The idea is to move beyond claude.md or agents.md, the current solution for the problems cq is trying to solve. Right now, developers add instructions for their agents based on trial and error—if they find that an agent keeps trying to use something outdated, they tell it in .md files to do something else instead.
That sort of works sometimes, but it doesn’t cross-pollinate knowledge between projects.
Wilson describes cq as a proof of concept, but it’s one you can download and work with now; it’s available as a plugin for Claude Code and OpenCode. Additionally, there’s an MCP server for handling a library of knowledge stored locally, an API for teams to share knowledge, and a user interface for human review.
I’m just scratching the surface of the details here; there’s documentation at the GitHub repo if you want to learn more details or contribute to the project.
In addition to posting on the Mozilla.ai blog, Wilson announced the project and solicited feedback from developers on Hacker News. Reactions in the thread are mixed.
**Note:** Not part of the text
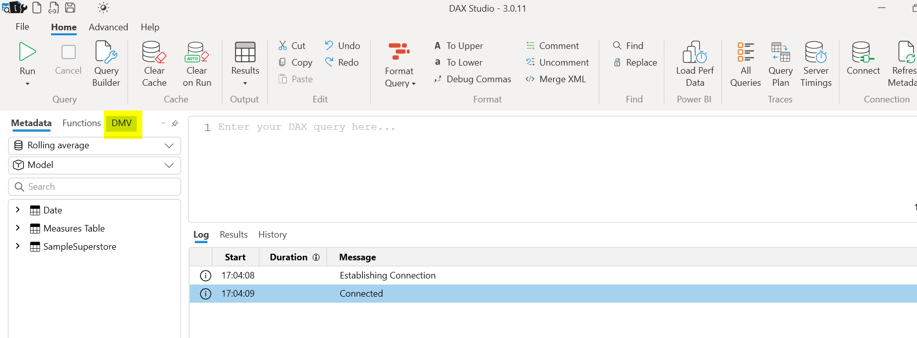 Open the DAX Studio it is located under the external tools once you open that it will open up a dialog box to connect to the right Power BI model. Once you are connected you can see on the left pane all the tables and on top of it there are different options- metadata, functions, and DMV.

Most people chiming in agree that cq is aiming to do something useful and needed, but there’s a long list of potential problems to solve.
For example, some commenters have noted that models do not reliably describe or track the steps they take—an issue that could balloon into a lot of junk knowledge at scale across multiple agents. There are also several serious security challenges, such as how the system will deal with prompt injection threats or data poisoning.
This is also not the only attempt to address these needs. There are a variety of different projects in the works, operating on different levels of the stack, to try to make AI agents waste fewer tokens by giving them access to more up-to-date or verified information.